The results in the console are:

Elapsed time: 1445 ms (std::string + seek)
Elapsed time: 21519 ms (stream + seek)
Elapsed time: 860 ms (std::string + ignoring)
Elapsed time: 19046 ms (stream + ignoring)

Ha, this is a totum revolutum problem, In case you set N1=100000 and N2=0 (a lot of matching lines only) the stream+seek parser beats the other 3 options, including the ignoring line! I would love to understand this, Still my assumption was that stream was appending not matching dates, but after this last test I am just totally lost. I understand that std::string cases are penalized due to allocation of 1e6 str format dates. But why stream+ignore version is penalized here? Should I give up or there is any explanation? — Pablo, Apr 07 '18 at 00:07
"stream+ignore" means "(parse-date-time&discard) + ignore". As my answer outlines (see "Summary") the cost of parsing is the main cost here, even though I [expected](https://stackoverflow.com/questions/49502728/several-matches-in-a-one-pass-parser#comment86066779_49503266) it to be on par with the string allocations. Therefore the fact that the parses are being done even when the line is discarded hurts doubly. — sehe, Apr 07 '18 at 00:49

sehe · Accepted Answer · 2018-04-07T18:34:18.967

Okay, in the code posted, 70%¹ of time is spent in the stream's underflow operation.

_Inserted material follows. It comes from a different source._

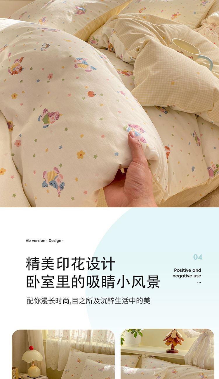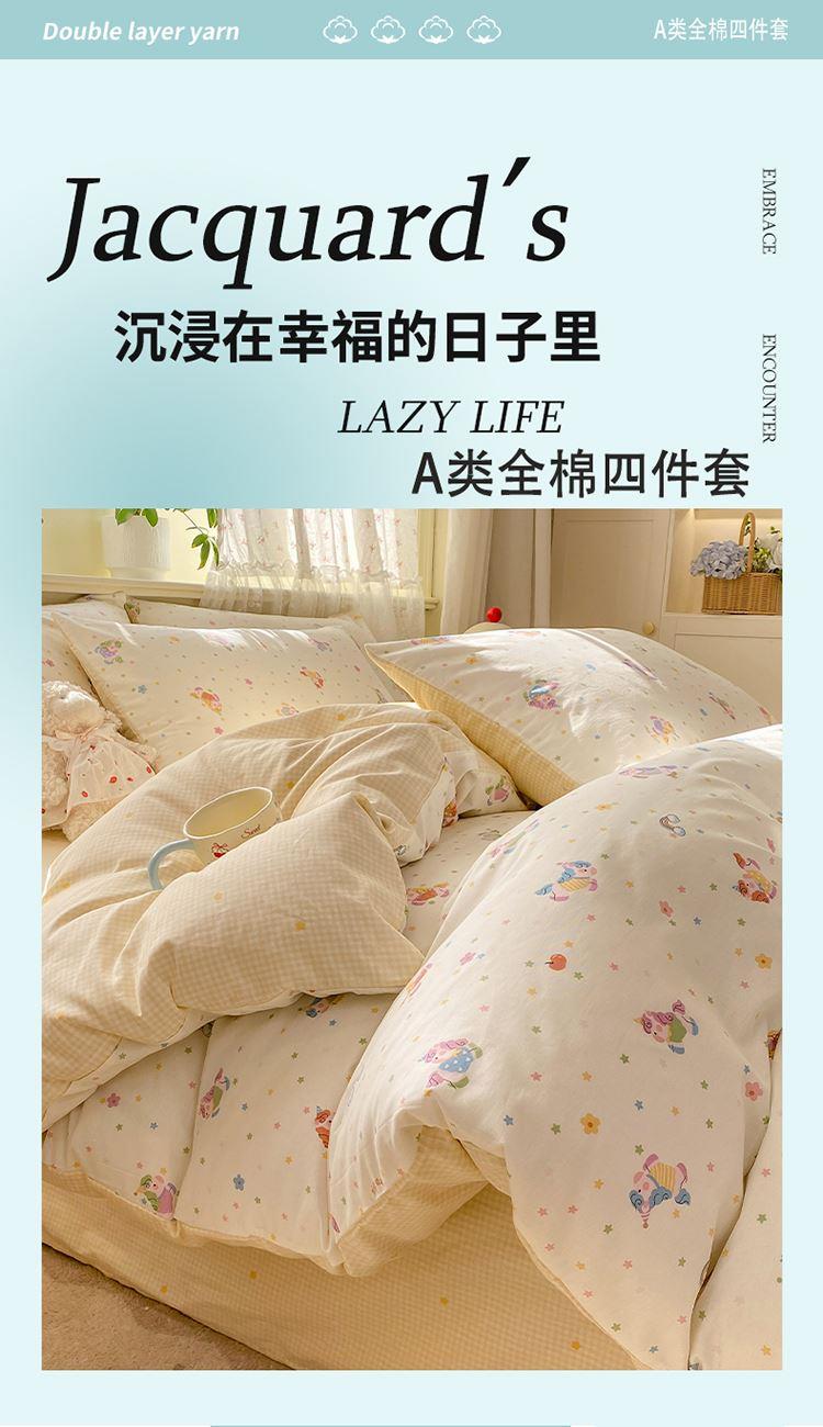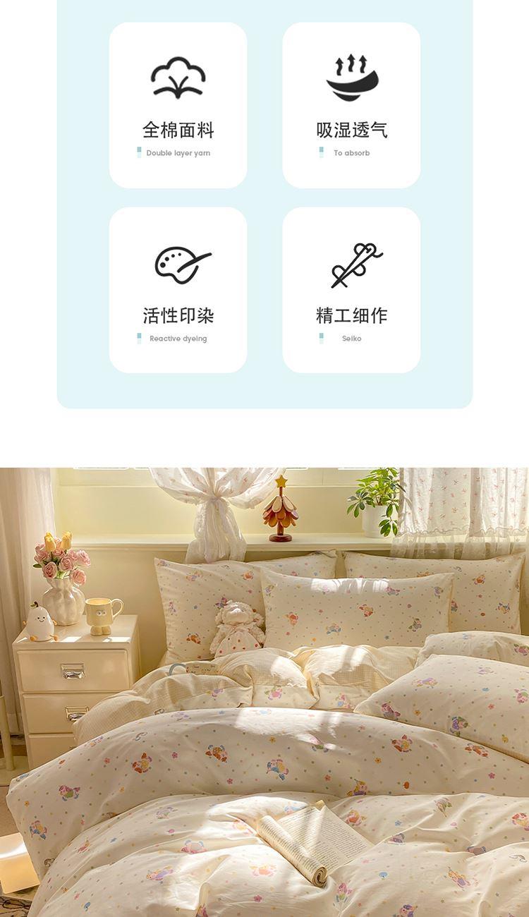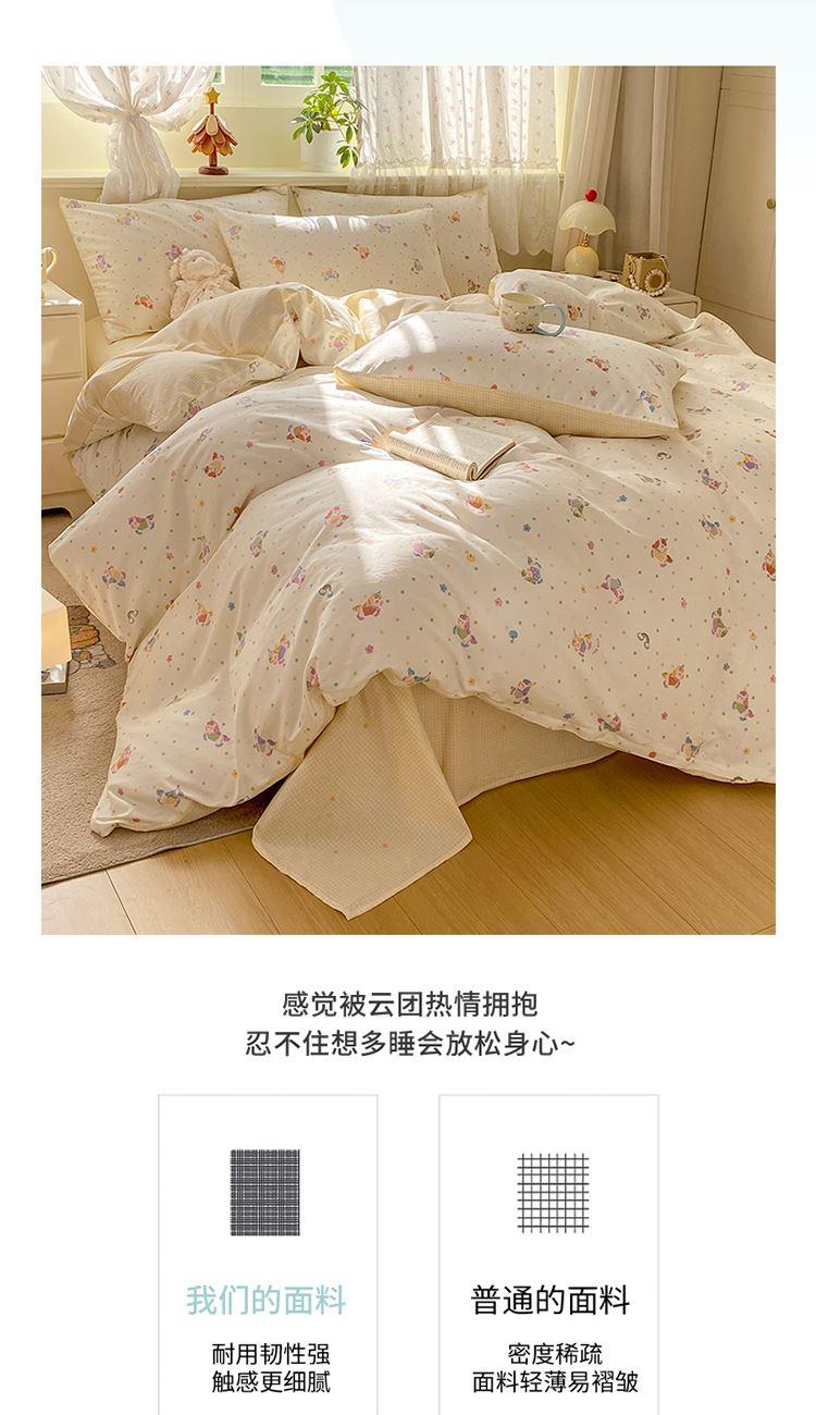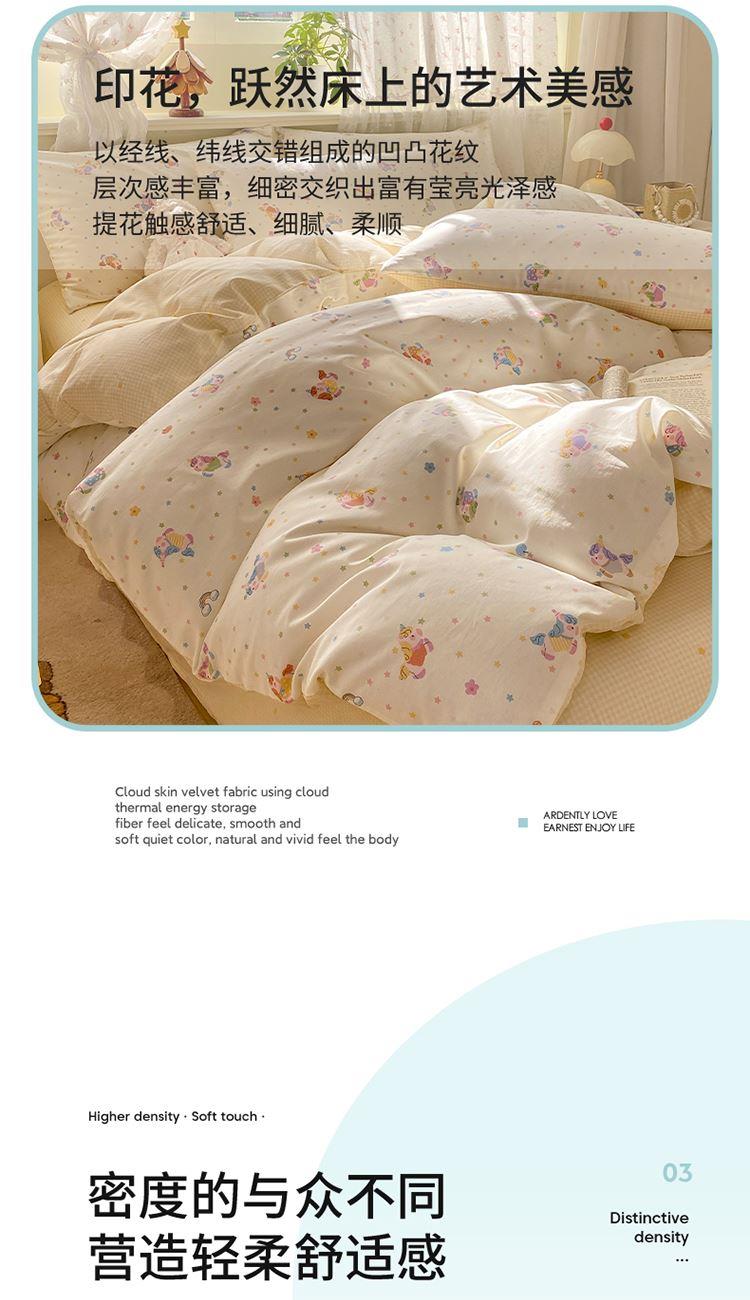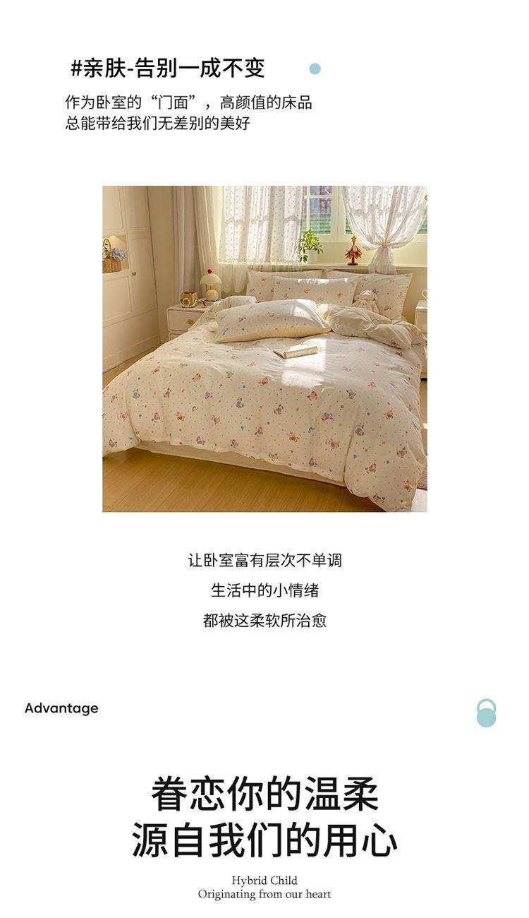 1:全棉面料柔到你心里 更贴身、吸湿、透气,保暖松软的触感,躺进去世界也变得柔软 2:印花,跃然床上的艺术美感 以经线、纬线交错组成的凹凸花纹 层次感丰富,细密交织出富有莹亮光泽感提花触感舒适、细腻、柔顺 3:密度的与众不同营造轻柔舒适感 纱织越细,面料越柔软,床品品质也就 尺寸:被套200*230cm*1 床单:230*250cm*1 枕套:48*74cm*2 包装:彩盒

I ~~haven't looked into /why/ that is, but instead~~² wrote a few naive implementations to see whether I could do better. First steps:

² Update I've since analyzed it and provided a PR.

The improvement created by that PR does not affect the bottom line in this particular case (see SUMMARY)

drop operator>> for Timestamp (we won't be using that)
replace all instances of '[' >> stream >> ']' with the alternative '[' >> raw[*~char_(']')] >> ']' so that we will always be using the trait to transform the iterator range into the attribute type (std::string or Timestamp)

Now, we implement the assign_to_attribute_from_iterators<structs::Timestamp, It> trait:

Variant 1: Array Source

template <typename It>
struct assign_to_attribute_from_iterators<structs::Timestamp, It, void> {
    static inline void call(It f, It l, structs::Timestamp& time) {
        boost::iostreams::stream<boost::iostreams::array_source> stream(f, l);

        struct std::tm tm;
        if (stream >> std::get_time(&tm, "%Y-%b-%d %H:%M:%S") >> time.ms)
            time.date = std::mktime(&tm);
        else throw "Parse failure";
    }
};

Profiling with callgrind: (click for zoom)

It does improve considerably, probably because we make the assumption that the underlying char-buffer is contiguous, where the Spirit implementation cannot make that assumption. We spend ~42% of the time in time_get.

Roughly speaking, 25% of time is devoted to locale stuff, of which a worrying ~20% is spent doing dynamic casts :(

Variant 2: Array Source with re-use

Same, but reusing a static stream instance to see whether it makes a significant difference:

static boost::iostreams::stream<boost::iostreams::array_source> s_stream;

template <typename It>
struct assign_to_attribute_from_iterators<structs::Timestamp, It, void> {
    static inline void call(It f, It l, structs::Timestamp& time) {
        struct std::tm tm;

        if (s_stream.is_open()) s_stream.close();
        s_stream.clear();
        boost::iostreams::array_source as(f, l);
        s_stream.open(as);

        if (s_stream >> std::get_time(&tm, "%Y-%b-%d %H:%M:%S") >> time.ms)
            time.date = std::mktime(&tm);
        else throw "Parse failure";
    }
};

Profiling reveals is no significant difference).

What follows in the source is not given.